Temos que discutir a crise de representação política no Congresso. Retornar  às ruas, organizar uma Frente de classe,   do povo. Frente popular não pode ter viés político partidário. Mudar estruturas e promover outras reformas, além da política e da mídia: a tributária e a urbana. Agir contra as três armas da burguesia – no poder judiciário (supra-sumo da burguesia), no Congresso e nos meios de comunicação.

E o mais importante: “Parou-se de fazer educação política. Não há discussão sobre o país. Consome-se.”

Para Daniel, “os sociólogos da Globonews costumam falar sobre a necessidade da alternância de poder. Que ironia! Temos um governo de apenas doze anos se contrapondo aos 500 de exclusão histórica.” E prossegue: “O momento é de aprofundar o debate sobre o plebiscito, a reforma política, o vexame do financiamento empresarial. Abrir caminho para os jovens que estiveram nas ruas em julho, mas não ganharam em outubro. Continuar mobilizados na Praça de Belfort Roxo, na Baixada, na lona da Maré, na Cinelândia, no Casa Grande.”
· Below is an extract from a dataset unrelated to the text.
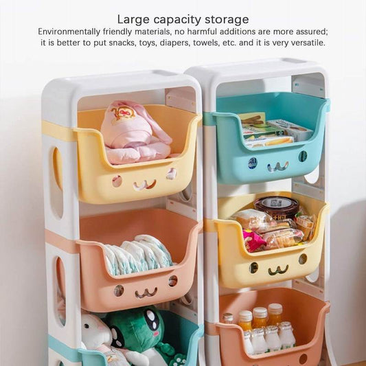 2/3/4 Tier Children's Toy Storage Rack Cabinet Organizer Kids Rolling Cart Activity Space Saver Shelf w/ Wheel Casters
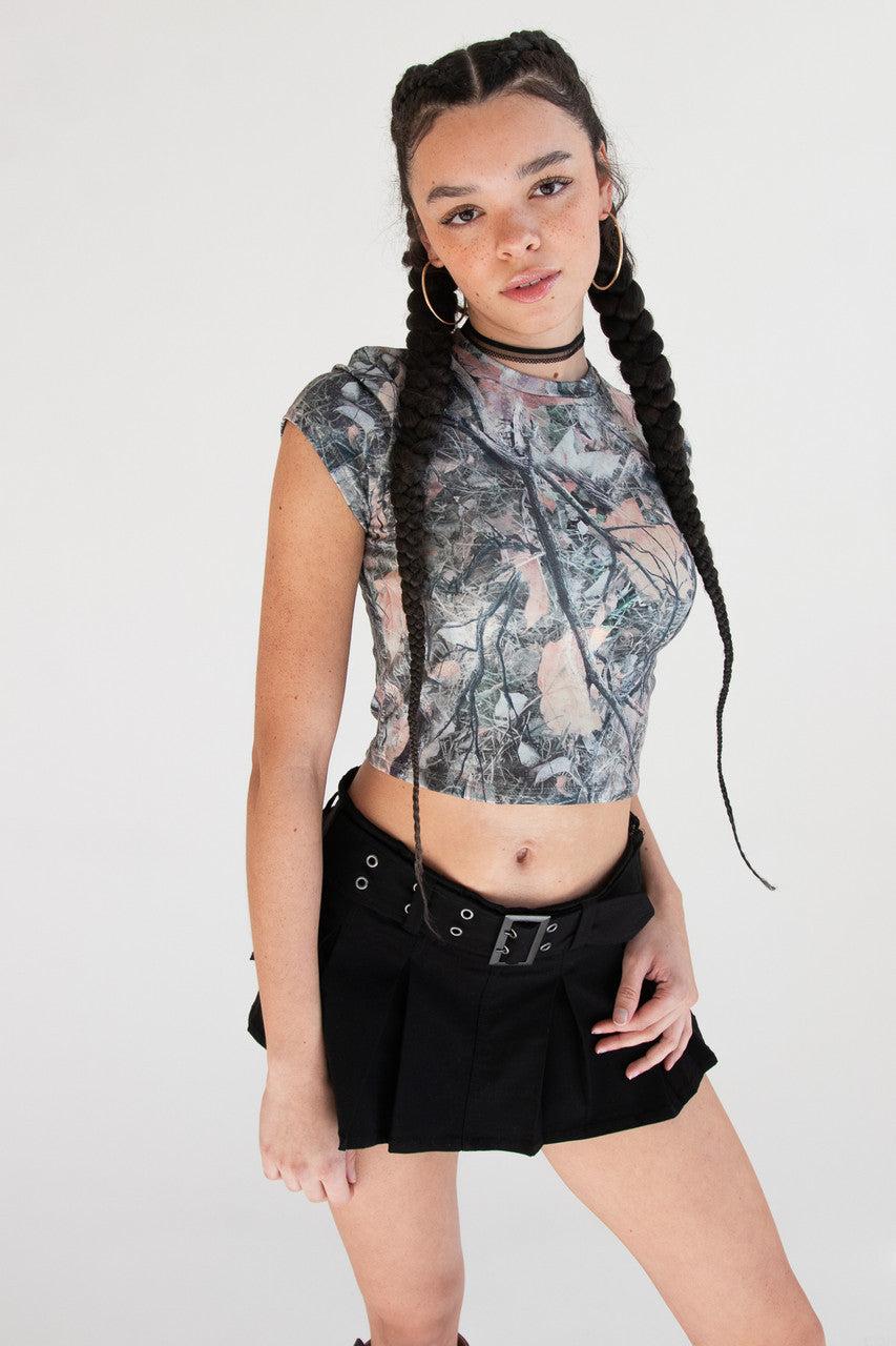 Low Rise Pleated Belted Denim Mini Skort

O Deputado Alexandre Molon, do PT: “Essa vitória tem um significado maior, semelhante ao de quando se vence apertado. Tentaram esconder a nossa vitória. Ela não se mede por pontos percentuais. Dois dias depois da eleição encontramos, em Brasília, um Congresso raivoso e ressentido, sem desejo de dialogar e procurando dividir o país. A disputa para a presidência da Câmara é importante para emparedar a oposição. A questão dos Conselhos Populares foi usada para isolar o PT e o PCdoB. O recado: quem se encontra isolado não pode ser presidente da Câmara.” E concluindo: ”O governo tem que pautar o Congresso; não o contrário.”

Depois de comentar que “a burguesia sequestrou a democracia no país”, João Pedro Stédile resumiu o estado de ânimo das lideranças presentes dizendo: ”Nunca estive tão otimista. Agora as coisas estão mais claras.”

Dezenas de depoimentos emocionantes de militantes que trabalharam sem descanso para reeleger Dilma Rousseff  se seguiram às falas dos que estavam na mesa. Uma reunião de forças vivas, mobilizadas, que varou a noite.